By Gary M. White, MD
Cronkhite-Canada Syndrome (CCS) combines changes of the nails with skin pigmentation.
- Patients may also have alopecia, diarrhea, and intestinal polyposis.
- Cancer of the colon is associated.
- The condition is rare and noninherited.
- It is thought by some that the skin changes are secondary to protein loss and malabsorption.

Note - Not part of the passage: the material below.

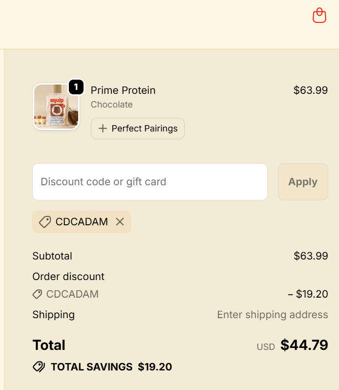 Shop Equip Foods now and get 30% off all items with the coupon code CDCADAM at checkout. ![]() | |
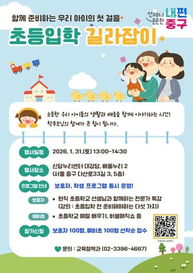 [한국제일신문, 김성옥기자] 서울 중구가 ‘2026 초등입학 길라잡이’ 설명회를 오는 31일 오후1시부터 신당누리센터 대강당에서 개최한다. 예비 초등학생과 학부모를 대상으로 약 1시간 반 동안 현직 교사가 첫 학교생활에 대한 궁금증을 해소해 줄 예정이다.

Diffuse hyperpigmentation, alopecia, and dystrophic nails all occur in Cronkhite-Canada syndrome. Hamartomatous polyps also occur although malignant change has been seen, primarily of the colon. Gastrointestinal symptoms include diarrhea, weight loss, abdominal pain, hemorrhage, intussusception, and perforation. The age of onset is approximately 60 years.
Patients are usually older men who develop lentigo-like macules on the face, palms, and extremities. The nail plate separates proximally and eventually sheds. The proximal nail fold may be soft and spongy and the nail bed boggy.
Spontaneous remission has been reported following aggressive nutritional support.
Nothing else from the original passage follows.